TeeTime’s Two Cents: STFU About Starbucks New Rewards Program

TeeTime’s Two Cent’s are millennial friendly posts that are roughly 250 words on a trending topic for which grievances need to be aired.

Just when you thought Starbucks couldn’t gentrify a white-privilege rewards program for the biggest first world expense per capita among the middle and upper class demographic, they did. And this time they stepped right in a steaming pile of Westminster Kennel club designer dog shit. They pissed off a demographic that makes ISIS look like a baby sea otter dancing to reggae music: stay at home PTA moms.
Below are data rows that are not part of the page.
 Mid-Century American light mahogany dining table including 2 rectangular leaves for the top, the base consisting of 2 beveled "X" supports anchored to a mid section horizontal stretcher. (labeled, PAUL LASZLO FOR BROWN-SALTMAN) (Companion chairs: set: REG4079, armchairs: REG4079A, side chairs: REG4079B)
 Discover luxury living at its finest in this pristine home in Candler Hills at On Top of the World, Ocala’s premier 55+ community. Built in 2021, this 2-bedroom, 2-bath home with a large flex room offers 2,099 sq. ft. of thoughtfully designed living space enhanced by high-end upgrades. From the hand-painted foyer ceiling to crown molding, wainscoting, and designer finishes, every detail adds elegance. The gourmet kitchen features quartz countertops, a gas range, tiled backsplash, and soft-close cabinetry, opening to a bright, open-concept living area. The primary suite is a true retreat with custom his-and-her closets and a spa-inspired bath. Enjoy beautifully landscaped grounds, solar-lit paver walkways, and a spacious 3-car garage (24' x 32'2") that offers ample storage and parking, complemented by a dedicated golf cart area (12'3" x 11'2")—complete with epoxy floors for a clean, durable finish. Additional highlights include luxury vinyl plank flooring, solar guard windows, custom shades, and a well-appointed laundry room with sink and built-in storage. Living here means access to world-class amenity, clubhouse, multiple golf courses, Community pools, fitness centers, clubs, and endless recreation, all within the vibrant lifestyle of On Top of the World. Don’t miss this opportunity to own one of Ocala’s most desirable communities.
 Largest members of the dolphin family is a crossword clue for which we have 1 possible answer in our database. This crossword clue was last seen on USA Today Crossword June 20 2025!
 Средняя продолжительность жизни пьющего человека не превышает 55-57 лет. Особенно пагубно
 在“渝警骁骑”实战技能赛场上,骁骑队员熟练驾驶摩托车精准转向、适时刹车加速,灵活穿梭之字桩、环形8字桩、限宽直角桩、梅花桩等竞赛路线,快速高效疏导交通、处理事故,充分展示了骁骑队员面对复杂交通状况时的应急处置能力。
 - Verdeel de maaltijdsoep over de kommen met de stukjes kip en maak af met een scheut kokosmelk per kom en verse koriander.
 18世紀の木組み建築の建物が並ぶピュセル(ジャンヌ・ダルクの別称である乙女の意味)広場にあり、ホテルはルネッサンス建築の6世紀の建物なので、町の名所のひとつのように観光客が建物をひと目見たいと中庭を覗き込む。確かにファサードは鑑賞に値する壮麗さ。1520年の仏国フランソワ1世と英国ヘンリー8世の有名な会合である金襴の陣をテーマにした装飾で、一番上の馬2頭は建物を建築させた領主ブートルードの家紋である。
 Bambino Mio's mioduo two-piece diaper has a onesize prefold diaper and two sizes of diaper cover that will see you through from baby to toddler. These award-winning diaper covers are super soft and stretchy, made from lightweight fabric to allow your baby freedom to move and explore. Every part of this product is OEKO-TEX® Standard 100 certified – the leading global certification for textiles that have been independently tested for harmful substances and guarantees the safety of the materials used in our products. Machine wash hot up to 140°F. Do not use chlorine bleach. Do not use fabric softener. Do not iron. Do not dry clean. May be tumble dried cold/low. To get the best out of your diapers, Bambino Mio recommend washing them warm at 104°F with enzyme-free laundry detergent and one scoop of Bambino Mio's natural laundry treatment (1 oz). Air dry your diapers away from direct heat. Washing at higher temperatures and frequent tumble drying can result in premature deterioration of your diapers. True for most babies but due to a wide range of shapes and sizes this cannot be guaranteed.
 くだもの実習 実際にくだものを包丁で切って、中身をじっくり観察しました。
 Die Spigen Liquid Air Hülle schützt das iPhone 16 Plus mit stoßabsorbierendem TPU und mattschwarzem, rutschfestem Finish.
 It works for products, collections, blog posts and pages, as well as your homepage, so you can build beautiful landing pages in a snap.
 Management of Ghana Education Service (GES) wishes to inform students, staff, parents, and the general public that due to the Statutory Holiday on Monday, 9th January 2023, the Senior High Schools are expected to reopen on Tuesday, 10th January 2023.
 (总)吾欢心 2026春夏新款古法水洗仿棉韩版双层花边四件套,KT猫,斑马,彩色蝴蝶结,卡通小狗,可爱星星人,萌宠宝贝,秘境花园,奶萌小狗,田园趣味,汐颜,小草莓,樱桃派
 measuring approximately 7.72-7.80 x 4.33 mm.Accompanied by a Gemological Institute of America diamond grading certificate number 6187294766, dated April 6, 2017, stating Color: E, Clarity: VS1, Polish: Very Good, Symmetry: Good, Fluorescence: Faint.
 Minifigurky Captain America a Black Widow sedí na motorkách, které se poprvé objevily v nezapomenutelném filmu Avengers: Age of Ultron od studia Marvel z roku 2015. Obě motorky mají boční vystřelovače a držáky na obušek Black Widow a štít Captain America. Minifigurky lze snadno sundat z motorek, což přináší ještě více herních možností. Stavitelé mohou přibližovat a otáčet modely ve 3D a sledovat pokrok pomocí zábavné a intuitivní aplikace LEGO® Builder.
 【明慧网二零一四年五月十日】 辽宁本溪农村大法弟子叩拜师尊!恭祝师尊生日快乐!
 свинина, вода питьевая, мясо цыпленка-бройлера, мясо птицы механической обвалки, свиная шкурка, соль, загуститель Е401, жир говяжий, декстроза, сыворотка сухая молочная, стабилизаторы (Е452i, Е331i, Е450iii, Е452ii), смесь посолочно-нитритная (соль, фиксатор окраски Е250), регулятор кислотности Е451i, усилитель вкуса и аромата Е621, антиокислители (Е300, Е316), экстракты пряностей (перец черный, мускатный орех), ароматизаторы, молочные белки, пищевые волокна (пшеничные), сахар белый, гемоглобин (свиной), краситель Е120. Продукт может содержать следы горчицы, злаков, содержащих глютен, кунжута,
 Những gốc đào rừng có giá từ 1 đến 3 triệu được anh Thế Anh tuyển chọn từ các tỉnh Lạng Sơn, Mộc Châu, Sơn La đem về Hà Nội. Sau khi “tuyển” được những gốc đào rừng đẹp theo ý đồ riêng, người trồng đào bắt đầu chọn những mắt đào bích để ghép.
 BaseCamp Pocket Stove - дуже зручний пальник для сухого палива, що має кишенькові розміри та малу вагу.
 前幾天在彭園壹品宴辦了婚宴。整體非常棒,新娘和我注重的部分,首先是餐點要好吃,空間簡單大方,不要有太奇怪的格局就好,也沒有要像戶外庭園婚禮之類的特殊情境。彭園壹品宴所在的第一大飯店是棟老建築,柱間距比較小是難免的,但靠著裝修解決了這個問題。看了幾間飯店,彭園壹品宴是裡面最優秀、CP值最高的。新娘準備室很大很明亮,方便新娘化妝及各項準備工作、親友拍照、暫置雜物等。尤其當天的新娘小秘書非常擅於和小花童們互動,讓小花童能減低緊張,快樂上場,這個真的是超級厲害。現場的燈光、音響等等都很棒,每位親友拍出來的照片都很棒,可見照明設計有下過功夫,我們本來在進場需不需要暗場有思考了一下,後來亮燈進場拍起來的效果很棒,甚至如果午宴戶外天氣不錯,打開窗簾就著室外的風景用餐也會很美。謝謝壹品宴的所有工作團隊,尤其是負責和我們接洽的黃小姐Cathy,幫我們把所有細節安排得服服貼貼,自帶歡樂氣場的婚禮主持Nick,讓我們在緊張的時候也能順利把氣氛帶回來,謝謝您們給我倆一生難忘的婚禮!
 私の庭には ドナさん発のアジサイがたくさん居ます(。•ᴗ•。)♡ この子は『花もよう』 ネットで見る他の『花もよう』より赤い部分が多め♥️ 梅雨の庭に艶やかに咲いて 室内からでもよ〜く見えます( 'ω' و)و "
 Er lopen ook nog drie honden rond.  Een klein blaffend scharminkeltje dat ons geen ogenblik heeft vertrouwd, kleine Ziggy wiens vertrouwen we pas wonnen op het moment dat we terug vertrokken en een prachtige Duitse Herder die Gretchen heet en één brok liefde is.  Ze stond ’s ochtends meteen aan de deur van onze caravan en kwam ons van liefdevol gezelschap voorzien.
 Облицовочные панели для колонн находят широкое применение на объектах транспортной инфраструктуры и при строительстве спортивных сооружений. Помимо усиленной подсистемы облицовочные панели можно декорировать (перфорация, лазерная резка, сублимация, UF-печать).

In between spending her breadwinners money on new yoga pants and writing her blog about Tupperware, Cathy, as we’ll call her, prides herself on her exceptional Starbucks rewards cache and the fact that every barista in the tri-state area knows her order.COPENHAGENMany a therapist and disinterested husband will be hearing about the travesty that is a changing rewards program. But let me remind you America that Starbucks doesn’t owe you SHIT. They don’t have to provide complimentary WiFi but they do, they don’t have to source their beans from non-blood coffee fields, but they do, and they sure as shit don’t need to give your trust funded, caffeine addicted upper-middle class self anything for free. In fact, I applaud them for embracing capitalism.

Brace yourself as this may come as a shock but you’re not entitled to free coffee despite how large of a stake your husbands hedge fund owns in Starbucks. So go ahead and do like you said in that post on your book club’s Facebook wall: be a martyr and go to the local hipster cafe for a non-perfectly homogeneous cup of coffee in protest of Starbs. It won’t be a week before you’re jonesing for that liquid crack and feeling judged with your straw that isn’t green. And it’s then that you’ll realize you’re just as shallow as your Starbucks reward balance and will reluctantly roll through the drive through after you get the kids from soccer practice.

It doesn’t take Neil Degrasse Tyson to decipher the enigma that is the Starbucks new rewards formula. So congratulations to all the soccer moms with MRS degrees from their husbands alma mater who solved Einsteins “theory of exclusivity.” Despite the rumors flying around Pinterest, Starbucks is still giving you FREE shit, so stop biting the hand that quenches, and no matter what your couples therapist tells you to do: PLEASE SHUT THE FUCK UP.